Clayton Fresk, portfolio manager, Stadion Money Management, Watkinsville, Georgia:
Navigating this rate environment can be a tricky proposition. In the short term, the 10-year looks poised to continue to move lower and potentially break though the post-Trump spike from November. If that were to be the case, I’d be inclined to increase duration at least on a short-term basis to capture some price appreciation since there isn’t much resistance until rates reach the 1.8-2% range on the 10-year.
Taking a more holistic view, I’ve favored corporates (both high-yield and investment-grade) over Treasurys for a while, as spreads have continued to tighten since early 2016. However, as spreads continue to hover near their lows, increased spread duration becomes a concern in case that tightening trend reverses.
While I don’t think spread duration can be reduced significantly given the low-yield environment, diversifying this risk may be of value, such as moving high-yield corporate exposure into emerging market debt via ETFs such as the Vanguard Emerging Markets Government Bond ETF (VWOB).
I’m also taking a closer look at the growing number of smart-beta fixed-income ETFs. While many of these are in their infancy, getting a gauge on performance differentials will take some time. However, based on analysis of the index methodology, there are a few names that seem like very interesting substitutes or complements to the traditionally weighted ETFs.
Taking an even larger viewpoint, moving out of the realm of traditional fixed-income investing—and it’s seemingly increased equity correlation from the addition of spread duration and more equitylike exposure—it’s worth looking into adding noncorrelated asset classes into the mix, particularly liquid alternatives.

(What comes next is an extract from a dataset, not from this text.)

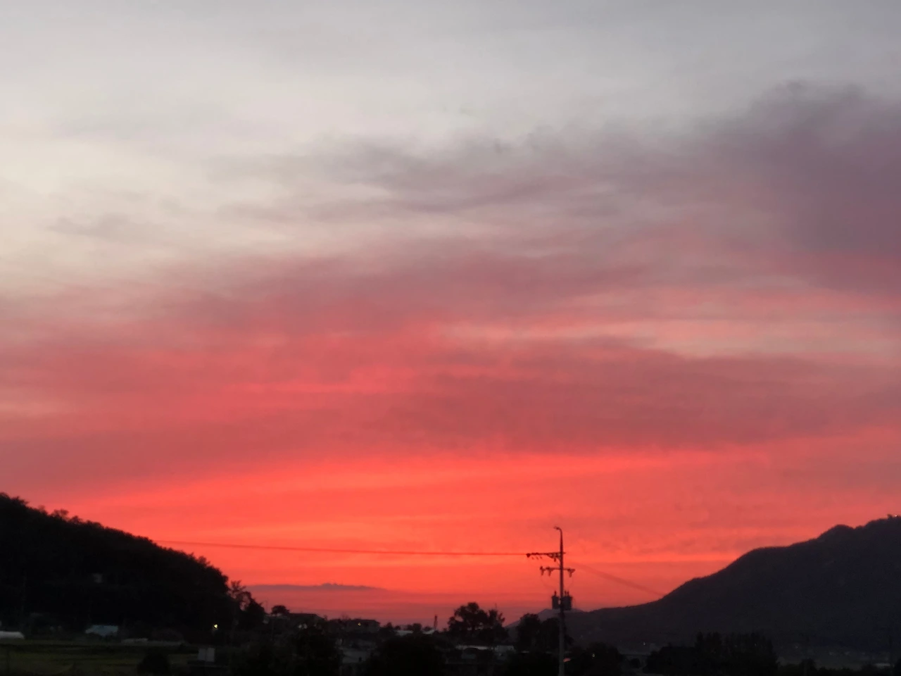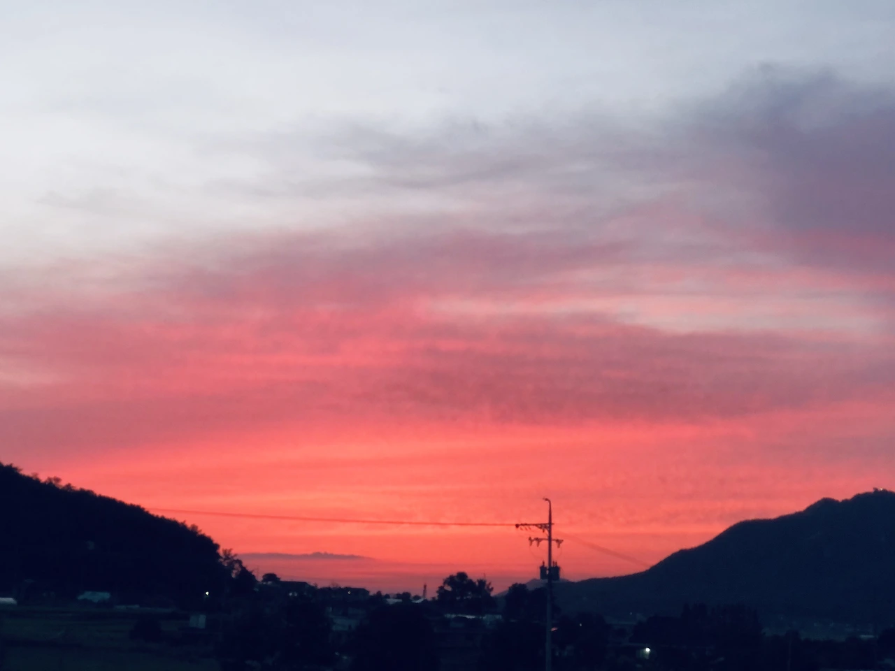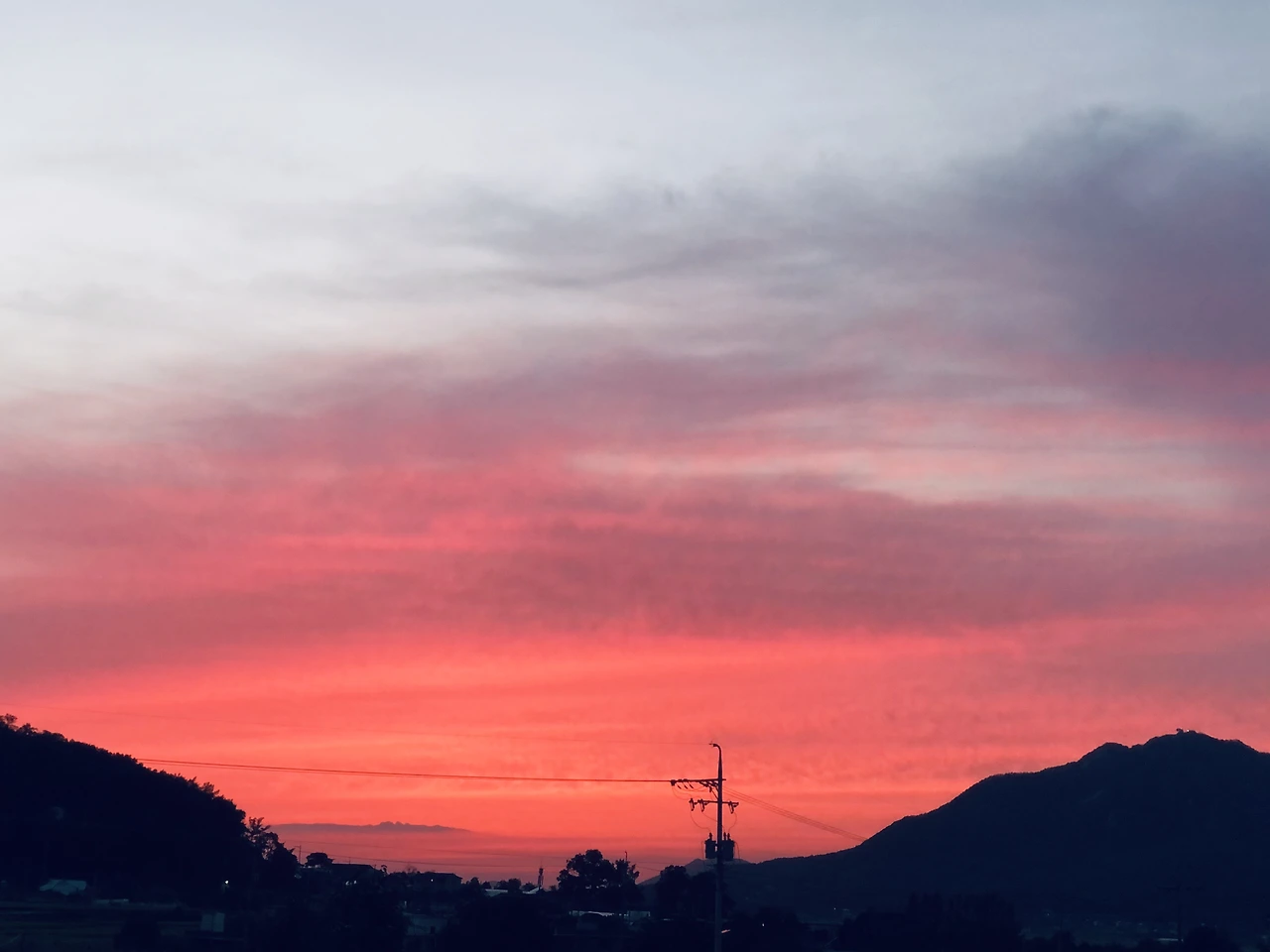 맑은 날 해가 지면 하늘 전체가 무지개빛이 됩니다. 붉은 색에서 짙은 보라색까지 보이는데 핸드폰 카메라로는 잘 나오지 않아서 항상 아쉬워요. 요 며칠 노을이 늘 다르게 예뻐서 사진을 매일 찍었는데요. 생각해보니 이렇게 예쁜 노을이 지는 계절도 곧 끝나네요.

While there are a handful of alternative names in the ETF space, I feel this may be one area where looking at mutual funds as a complement to a broader ETF portfolio may be of benefit. This may require further analysis of the landscape as alternative exposure can vary widely, but there are solid names in the mutual fund space that can offer a fixed-incomelike return stream with the diversifying benefit of lower correlations to traditional fixed income.